• Material shown
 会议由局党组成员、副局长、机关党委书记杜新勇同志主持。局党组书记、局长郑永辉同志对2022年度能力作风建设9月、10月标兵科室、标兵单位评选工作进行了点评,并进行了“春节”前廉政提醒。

...

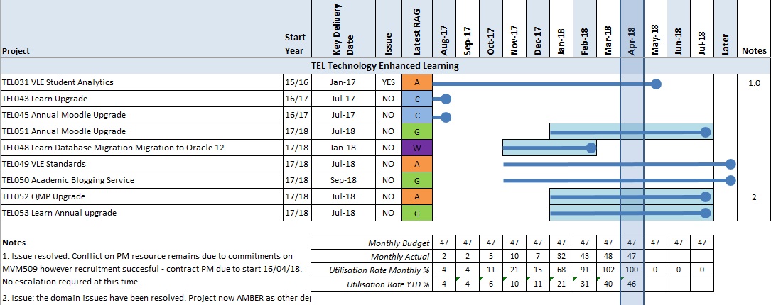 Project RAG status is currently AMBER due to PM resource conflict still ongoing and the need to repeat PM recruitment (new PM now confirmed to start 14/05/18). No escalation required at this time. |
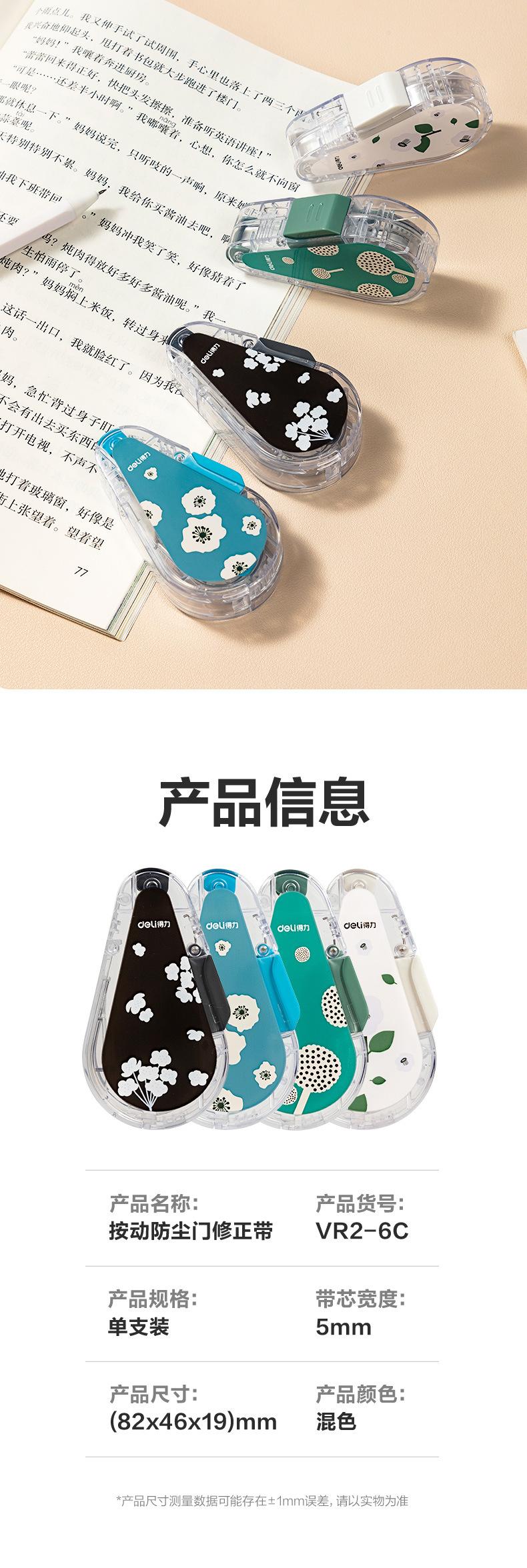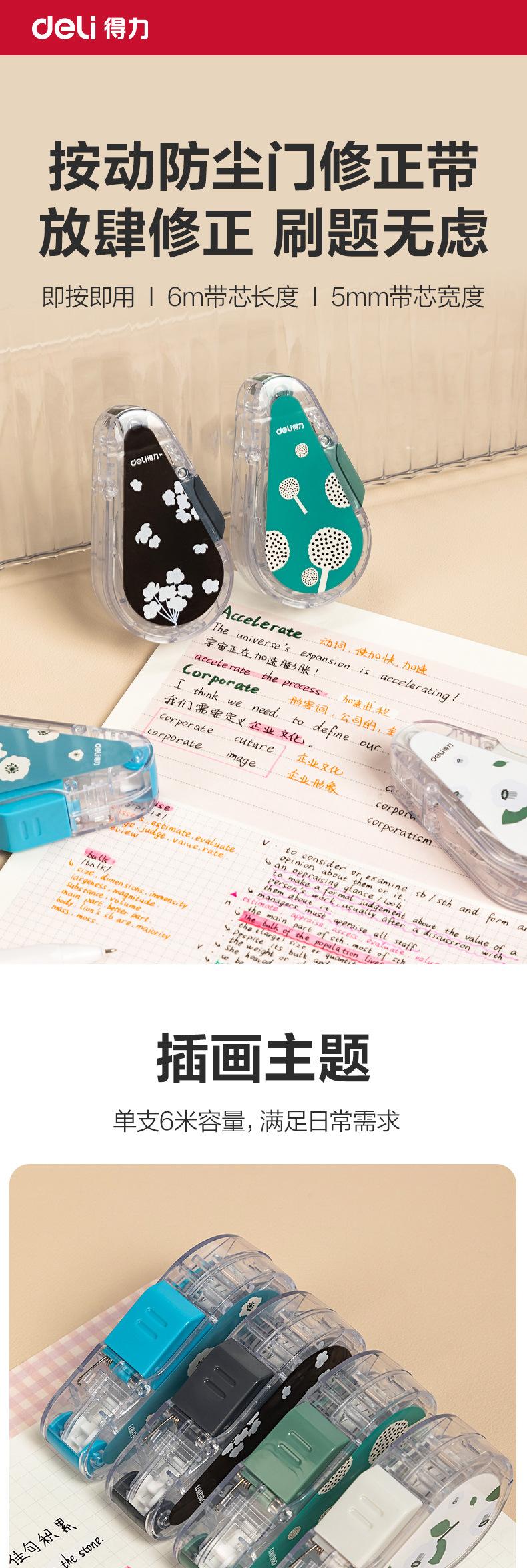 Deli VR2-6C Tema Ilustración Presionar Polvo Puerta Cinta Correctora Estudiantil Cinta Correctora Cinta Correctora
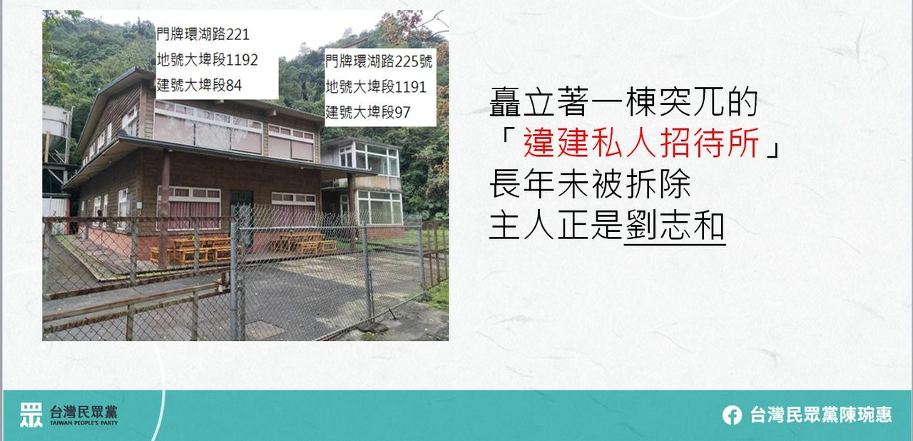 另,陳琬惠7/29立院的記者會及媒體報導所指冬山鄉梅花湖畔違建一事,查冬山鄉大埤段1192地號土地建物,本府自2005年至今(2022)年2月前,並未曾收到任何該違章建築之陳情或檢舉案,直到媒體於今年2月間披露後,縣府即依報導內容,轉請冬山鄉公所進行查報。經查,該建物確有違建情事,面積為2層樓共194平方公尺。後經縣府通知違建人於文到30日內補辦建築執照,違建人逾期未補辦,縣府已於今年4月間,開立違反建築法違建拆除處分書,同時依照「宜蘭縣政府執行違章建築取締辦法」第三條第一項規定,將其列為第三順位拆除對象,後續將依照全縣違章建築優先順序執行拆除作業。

---

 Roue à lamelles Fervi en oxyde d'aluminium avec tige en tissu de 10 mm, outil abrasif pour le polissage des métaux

• Problem details
Within the data above, repeat exactly the lines from the one bearing "Deli VR2-6C Tema" through the one bearing "另,陳琬惠7/29立院的記者". Include no pictures and nothing else.

• Solution to the problem
 Deli VR2-6C Tema Ilustración Presionar Polvo Puerta Cinta Correctora Estudiantil Cinta Correctora Cinta Correctora
 另,陳琬惠7/29立院的記者會及媒體報導所指冬山鄉梅花湖畔違建一事,查冬山鄉大埤段1192地號土地建物,本府自2005年至今(2022)年2月前,並未曾收到任何該違章建築之陳情或檢舉案,直到媒體於今年2月間披露後,縣府即依報導內容,轉請冬山鄉公所進行查報。經查,該建物確有違建情事,面積為2層樓共194平方公尺。後經縣府通知違建人於文到30日內補辦建築執照,違建人逾期未補辦,縣府已於今年4月間,開立違反建築法違建拆除處分書,同時依照「宜蘭縣政府執行違章建築取締辦法」第三條第一項規定,將其列為第三順位拆除對象,後續將依照全縣違章建築優先順序執行拆除作業。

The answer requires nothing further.